Dr. Foley was Clark's mastectomy surgeon, while Dr. Diesher has conducted the reconstruction work. Dr. Andrew Moore, a Hornersville native, serves as her oncologist.
"I am not limited. I do know my limits and, yes, they are different now. I missed out on last summer. I was not able to enjoy the things that I usually do in the summer months. But there will be more summers to come, because of the treatments I encountered. I would sometimes get very aggravated, because I would go outside, and my husband would say, 'Are you supposed to be doing that?' No, I usually wasn't, but this time, being hard-headed is what got me through," she said.
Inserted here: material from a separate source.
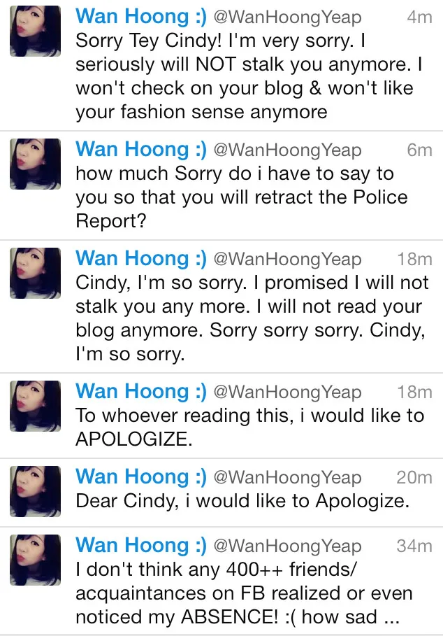 As it turns out, the stalker found out the police report as well and posted a series of tweets again to apologise: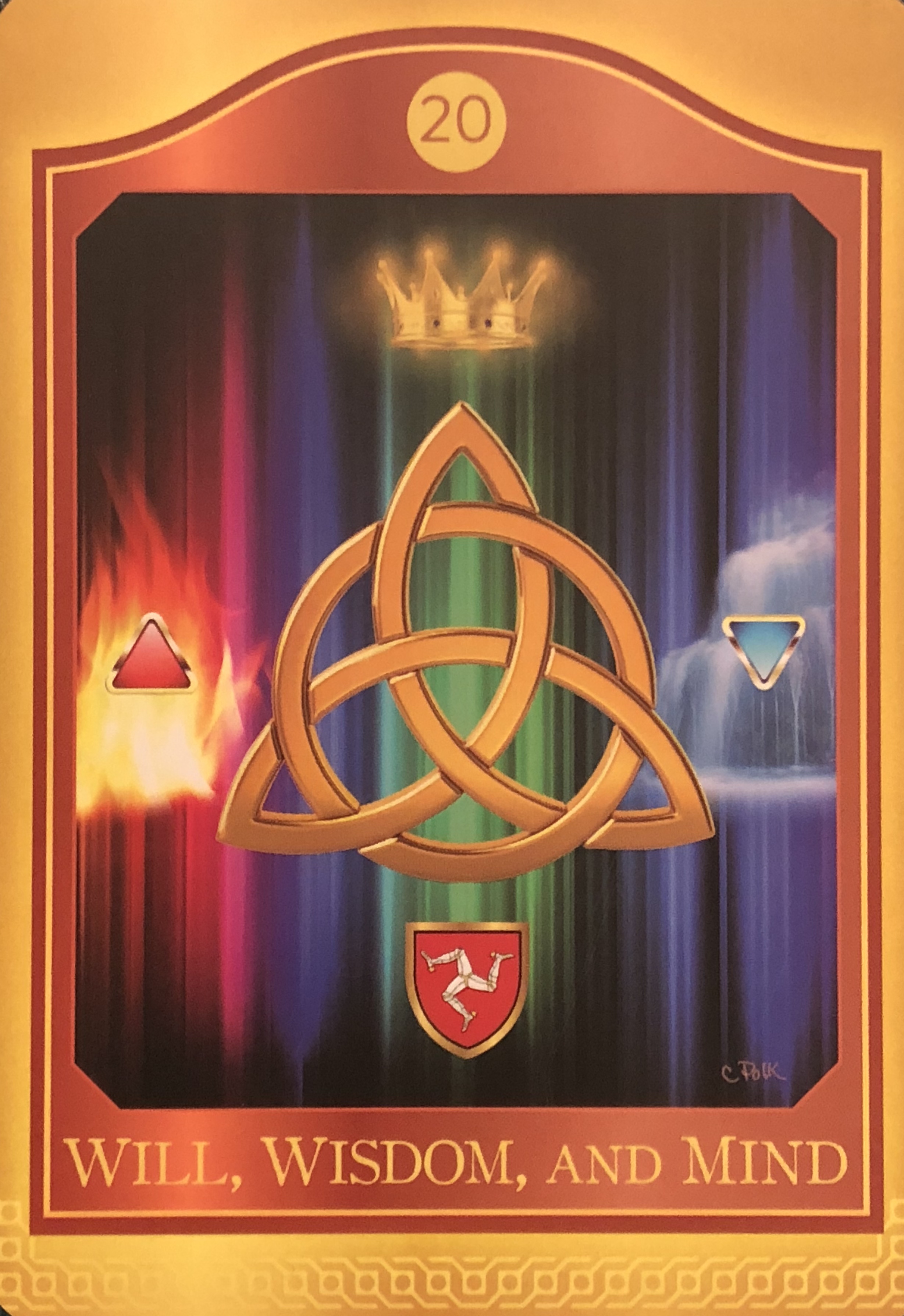 Nonetheless, the Coat of Arms of the Isle of Man flies high, sharing its message that however you land, you will stand – even in these difficult times. So take a step back and do not try to fight the forces at hand. Get out of your head and do what you can to reconnect with your higher guides. Your outer influence may be diminished right now because your crown has been toppled. But your strength and authority have now become the foundation upon which to build anew. You can bring mental, emotional, and physical balance back to your life by working with the exquisite and powerful energies depicted in this card. The more you become aware of these forces within you, the sooner the right flow of energy will return.”

Clark added that the chemo treatments and resulting hair loss were the hardest things to accept and get past. "My advice to anyone is to get your yearly test I have a friend that has given me so much support, but does not get her yearly mammogram. She is on my list. Early detection (is key). I had mine less than a year ago, and nothing was there the year before. My cancer was detected early, and I know I lost a lot, but I gained a lot too," Clark said. "(I'm) definitely stronger, with an appreciation for things I was unsure of. If you have a friend or loved one who has breast cancer, please give them all the support and love you can. It really does mean a lot. They have to fight to win," Clark encouraged. "Support and the right mind frame (are) key. You must have will and determination. I have had such love and support through this. I thank this community so much. I have several friends who are actually going through the same thing, and I try to be there for them, as they do for me. Please don't hesitate getting those tests. Encourage and support (those fighting the disease). Be there for someone. Please show them the understanding and kindness you yourself were given. God is in control," Clark concluded.